Не твоё собачье дело!

Арина Царенко
-Не твоё собачье дело, сука!
Опять прозвучала эта фраза. Зло. Грубо. Отрывисто.
Марта и не спорила. Она хорошо знала своё место в семье. Не мешать. Не раздражать. Молча  ждать. Только, ждать чего? Ответной любви? Такой же преданной, как и её любовь к ним обоим: к Ней и к Нему?
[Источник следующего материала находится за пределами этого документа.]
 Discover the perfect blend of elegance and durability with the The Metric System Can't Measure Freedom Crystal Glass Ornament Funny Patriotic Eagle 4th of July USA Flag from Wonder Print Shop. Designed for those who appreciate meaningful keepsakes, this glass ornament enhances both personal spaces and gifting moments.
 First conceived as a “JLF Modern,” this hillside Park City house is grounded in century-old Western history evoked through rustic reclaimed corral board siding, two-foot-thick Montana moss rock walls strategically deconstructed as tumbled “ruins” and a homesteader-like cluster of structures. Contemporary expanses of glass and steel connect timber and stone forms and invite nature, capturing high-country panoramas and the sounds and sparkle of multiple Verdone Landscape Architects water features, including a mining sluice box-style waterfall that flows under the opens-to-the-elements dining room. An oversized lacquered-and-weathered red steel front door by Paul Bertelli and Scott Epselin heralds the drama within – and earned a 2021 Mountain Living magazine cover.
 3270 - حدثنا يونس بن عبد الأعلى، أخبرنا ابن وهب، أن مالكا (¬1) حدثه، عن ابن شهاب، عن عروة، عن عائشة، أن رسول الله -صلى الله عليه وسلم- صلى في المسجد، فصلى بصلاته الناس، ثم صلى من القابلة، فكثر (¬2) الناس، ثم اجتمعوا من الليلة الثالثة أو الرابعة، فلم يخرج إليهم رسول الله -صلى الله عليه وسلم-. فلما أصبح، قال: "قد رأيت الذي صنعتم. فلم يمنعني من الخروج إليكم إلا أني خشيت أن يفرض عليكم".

Скандал разрастался. В утренней тиши двухкомнатной квартиры взвивался вверх, переходя на всхлипывающий, надрывный визг, голос ЕЁ. Глухо, презрительно спокойно обрывал эти истеричные тирады голос Его.
-Это я - сука? – взывала Она, - Это ты – предатель. Ты говорил, что уезжаешь по делам, а сам уматывал к другой бабе. Кобель!
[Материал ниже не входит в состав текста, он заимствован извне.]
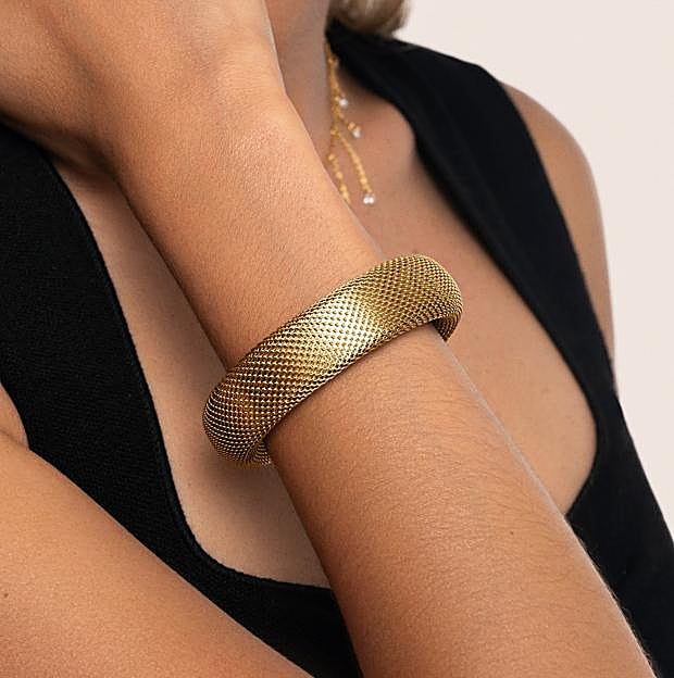 Singularu. Brazalete malla de acero bañado en Oro de 18kt rígido y maxi (25,99 euros).
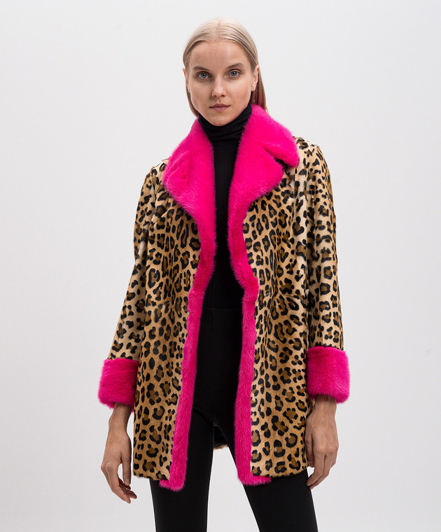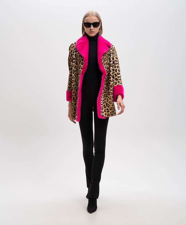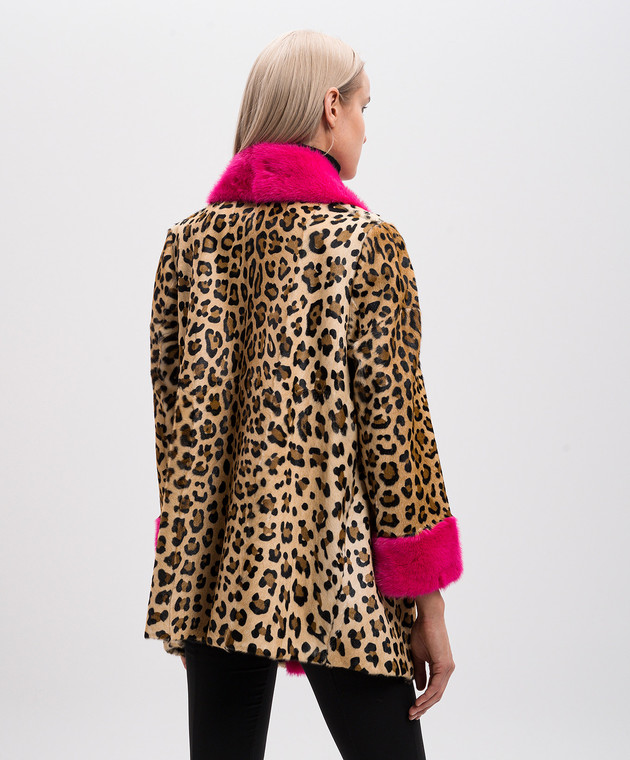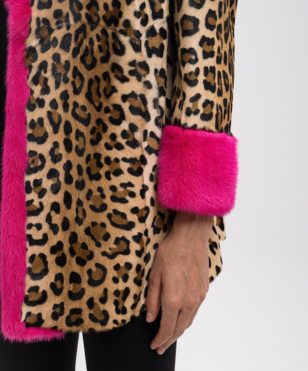 Бежевая шуба с анималистическим принтом
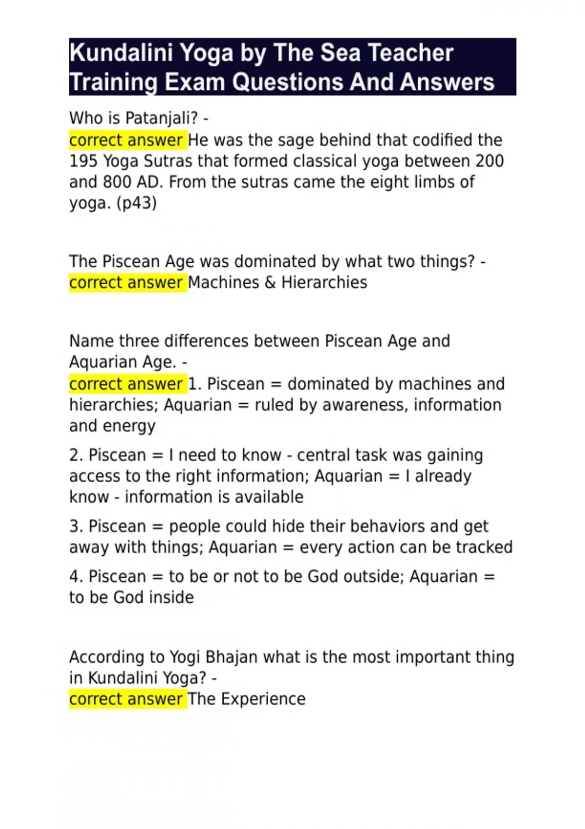 Kundalini Yoga by The Sea Teacher Training Exam Questions And Answers

-Это ты развлекалась со своим любовником здесь, вот на этой, и, заметь, на нашей постели! – гремел Он.
 
Марта не могла вмешаться. После того, как оба этих человека рявкнули на неё однажды, усилив каждый пинками свои требования, чтобы заткнулась, она перестала пытаться примирить их. Нет, пинки мимоходом ногами в комнатных тапках, были не сильными и даже не болезненными для обросшего кудлатой шерстью собачьего тела. Пинки были обидными, как бывает обидным предательство человеческое, равнодушное.
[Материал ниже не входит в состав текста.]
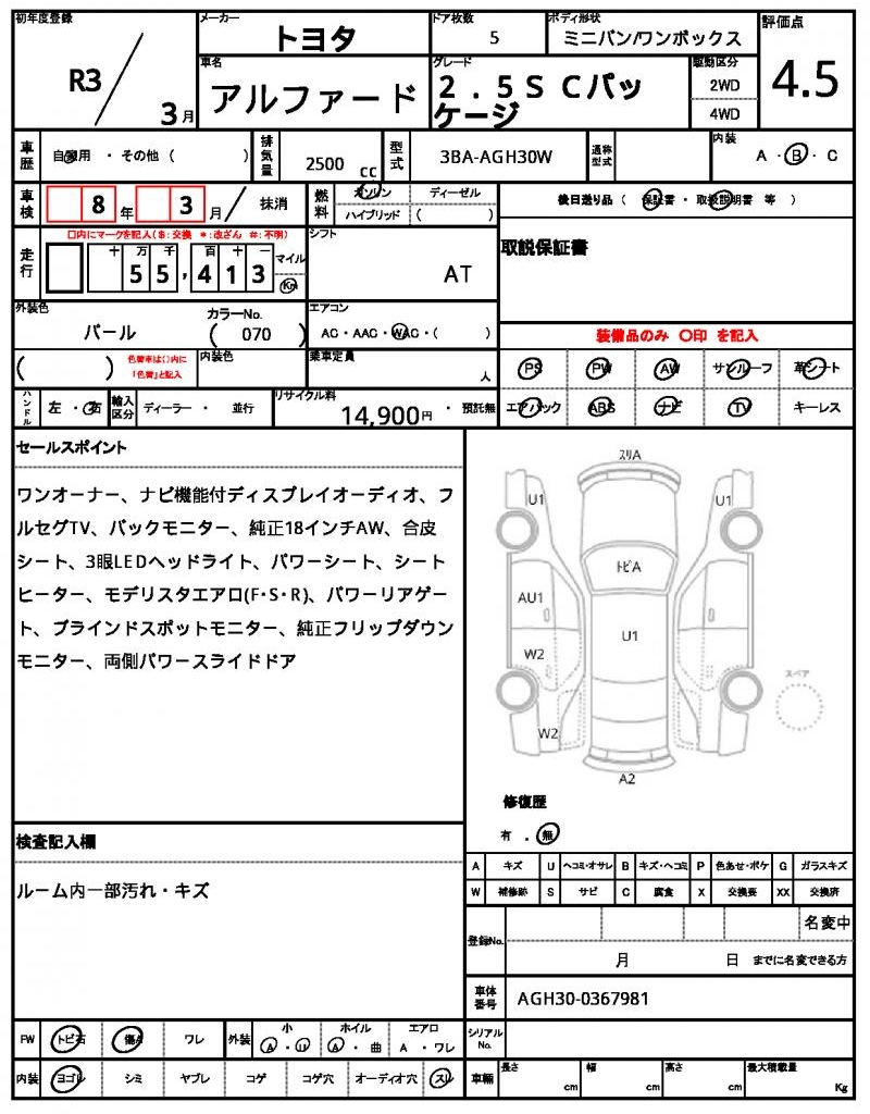 | VIN/Serial No. | AGH30-0367981 |

Марта вздохнула, поёрзав пятнистым обвисшим брюхом по мягкой подстилке, устроилась поудобнее. Чего ещё ей надо на старости лет? Её место в квартире было тёплым и уютным. Казалось, лежи, отдыхай, наслаждайся вкусным питанием. Но, не было уже семьи в этом жилье, как и не было уюта от раздирающих душу скандалов и выяснений-обвинений, казалось всё ещё родных для Марты людей. Ненависть накрыла с головой Её и Его. Тяжко…
 
Лёжа в укромном, затемнённом углу прихожей, Марта, положив широкую морду на лапы, тоскливо прикрыла глаза. Собачья память вернула в солнечный денёк, далёкий, светлый, радостный.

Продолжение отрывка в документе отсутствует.